Comments that disagree with the code. A comment that says "returns the count of active users" above code that returns the count of all users is actively misleading. AI agents may write code based on the comment, not the implementation.

Apologetic comments. "I know this is hacky but..." rarely helps anyone. The hack is in the code; explaining it is useful, apologizing for it is not.

Comments that capture conversation. "Per Slack discussion with Bob 2/15/24" — context that lives in chat is unreliable forever. Pin durable references, not ephemeral ones.

What This Means for Comment Maintenance

The maintenance discipline has changed in shape.

Comments are reviewed in PRs as carefully as code. Comment changes are part of the review. Reviewers explicitly check whether comments still match the code after a change. The "drive-by comment update" is a meaningful contribution.

Stale comments are bugs, not cosmetic issues. When an audit finds a comment that no longer matches the code, that's filed as a defect, not as a low-priority cleanup. The cost of misleading agent behavior is real.

Comment ownership follows code ownership. When a file's owner changes, the new owner inherits responsibility for the comments. The comment is not a separate artifact maintained by a separate process.

Linting catches certain comment failures. Tools that flag TODOs older than a threshold, comments referring to deleted functions, or comments out of sync with function signatures are increasingly part of CI.

How AI Tools Are Changing the Production of Comments

The other side of the AI-comment equation is that AI tools are now part of comment production.

AI agents writing comments tend to over-comment. Without explicit instruction, agents add comments to every function. Most of these comments restate what the code does. Teams using Claude Code typically include in their style guides: "Don't add comments unless they explain a non-obvious why."

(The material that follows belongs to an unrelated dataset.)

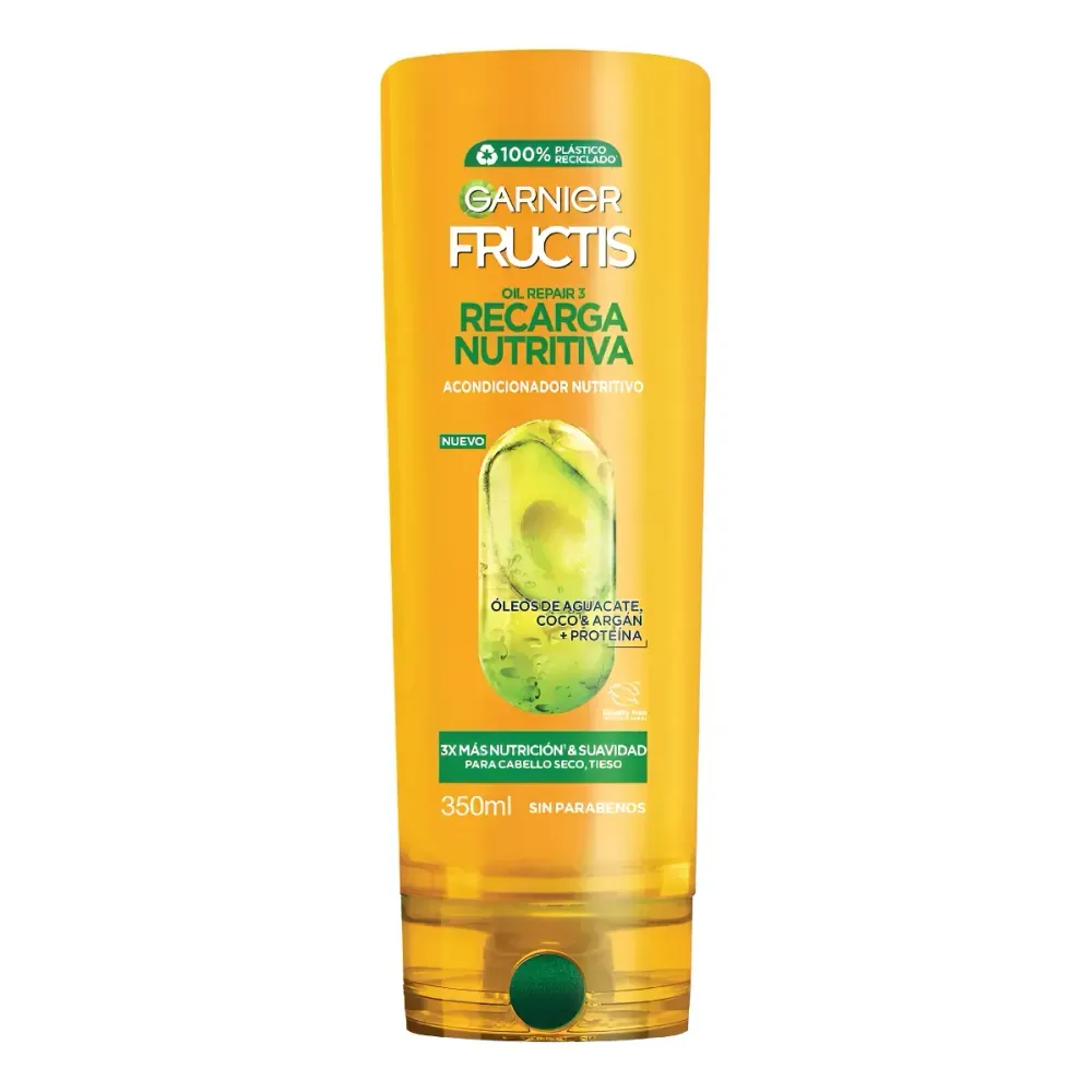 La mezcla de tres aceites nutritivos y proteína de fruta fortalece la fibra capilar, mejora la textura y protege el cabello contra daños futuros, dejando un acabado ligero y saludable.

AI agents reviewing comments can flag staleness. A subagent can check whether comments match the code they describe. Used in PR review, this catches stale comments before they merge.

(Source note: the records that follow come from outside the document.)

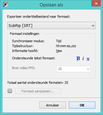 DivXLand Media Subtitler ondersteunt iedere tekstformaat voor ondertitels op voorwaarde dat de instelling voor taal in Windows juist is ingesteld.
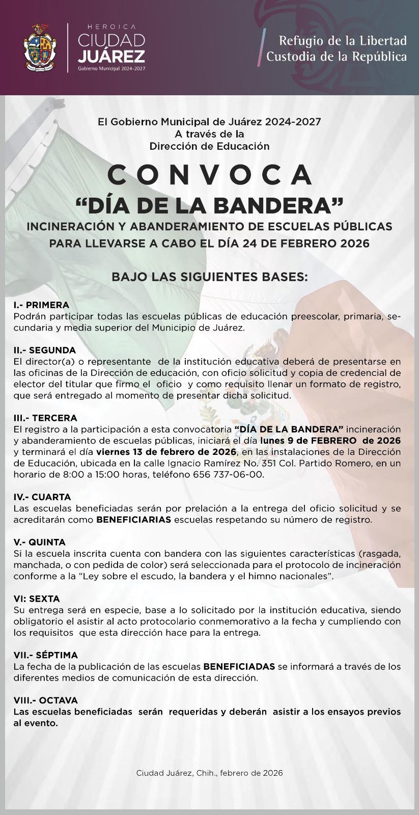 Viernes 6 de Febrero del 2026.- El Gobierno Municipal de Juárez, a través de la Dirección de Educación, emitió la convocatoria para la incineración y abanderamiento de escuelas públicas en el marco de la conmemoración del Día de la Bandera, actividad que se llevará a cabo el 24 de febrero de 2026.
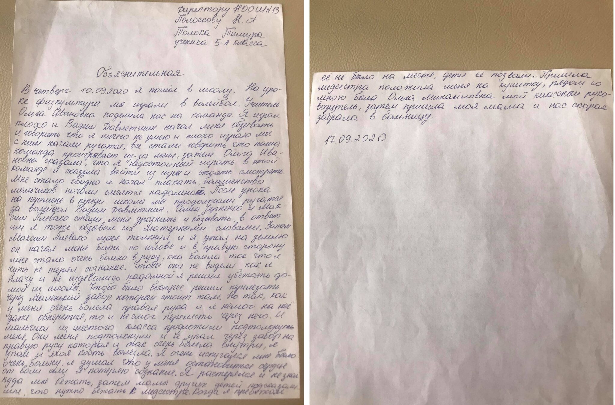 Напомним, что конфликт, который закончился двойным открытым переломом руки, начался именно на уроке физкультуры. Во время игры в волейбол команда, в которой играл Тимур, проиграла. Его стали обвинять в проигрыше, насмехаться, а учитель физкультуры вместо того, чтобы разрешить конфликт, подлила масла в огонь. Она назвала его «недостойным игроком» и выгнала, дальше насмешки продолжались. Пятиклассник не выдержал давления и расплакался. Уже на перемене конфликт еще больше обострился. От ругани дети перешли к физическому насилию. После нескольких ударов Тимур почувствовал сильную боль в голове и правой руке, поэтому решил сбежать в здание школы. Он пытался перелезть через небольшой забор, но упал и получил двойной открытый перелом руки. Далее представлена ​​пояснительная записка мальчика.

AI agents can suggest comment improvements. Where a comment is unclear or actively wrong, AI tools can suggest better phrasing. The human still makes the final decision, but the surfacing of issues is automated.

What's Different From Pre-AI Best Practices

The advice "write good comments" hasn't changed in essence. What's changed is the cost-benefit calculation.

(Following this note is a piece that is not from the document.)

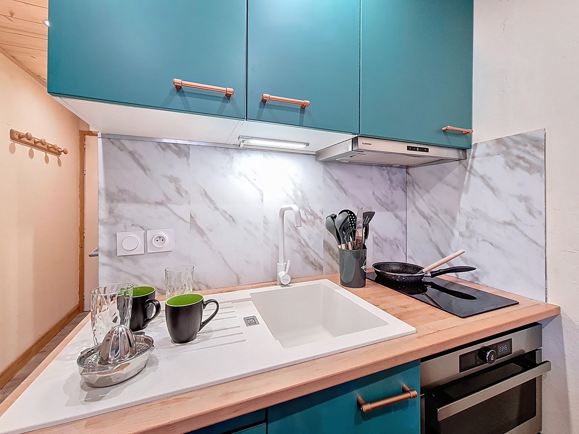 Cuisine ouverte : entièrement équipée avec 4 plaques de cuisson, un four micro-ondes grill, réfrigérateur, grille pain, cafetière et bouilloire.
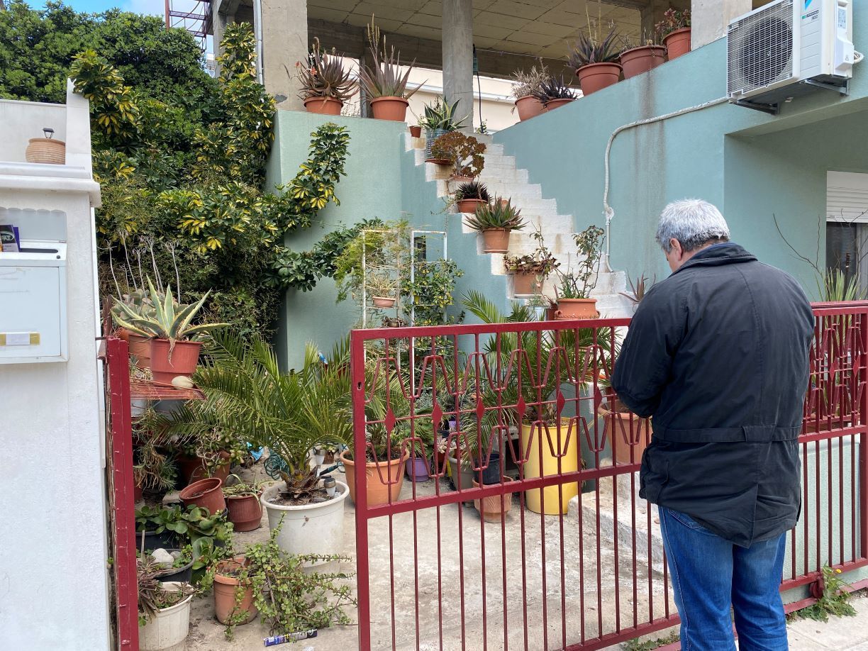 Βγαίνοντας ξανά στην Αλλατίου συναντάμε δεξιά ένα μπλέ σπίτι με κακτοειδή… εν παρατάξει, που καμαρώνει πάντως η γειτόνισσα Παρασκευή Κοκολιά από απέναντι, που μένει στην δική της γωνία εδώ και 45 χρόνια και φυσικά γκρινιάζει για τον μόνιμο βραχνά της περιοχής και της οδού, που είναι ο χώρος στάθμευσης, που διαθέτει στο τέλος της.

The cost of bad comments has gone up. Bad comments now produce bad agent output, not just human confusion. The downstream cost has multiplied.

The cost of producing comments has gone down. AI tools can draft comment improvements quickly. The marginal cost of having comments be accurate is lower than it used to be.

The discipline of maintenance is more rigorous. Where comment quality used to be an aesthetic preference, it's now a functional requirement. Teams that don't maintain comments well see their AI tools produce worse work.

What Engineering Leaders Should Do

Three concrete recommendations.

Update your style guide. Most style guides have section on comments that haven't been refreshed in years. The current guidance — comments for non-obvious why, not what; explicit constraints; out-of-scope statements; pinned references — should be in the guide.

Make comment review part of PR review. Reviewers should explicitly note comment quality, not just code correctness. Set the expectation that bad comments are blocking, not advisory.

Tool for comment auditing. Run automated checks for stale TODOs, comments referencing deleted code, and signature mismatches. The tooling is cheap and the upside is real.

Train the team on AI-aware commenting. Engineers who haven't internalized that comments are now consumed by AI agents continue writing comments the old way. A 30-minute internal session on the new practices pays back quickly.

The discipline of code commenting has been slowly broken for decades and is now being repaired by force. AI agents reading and writing code with humans require comments that are accurate, useful, and maintained. The teams that have made this transition are running on codebases that work well for both human and AI engineers. The teams that haven't are running on codebases where the comments quietly mislead their agents into producing worse output. The discipline isn't optional anymore. The cost of skipping it is in the code that ships.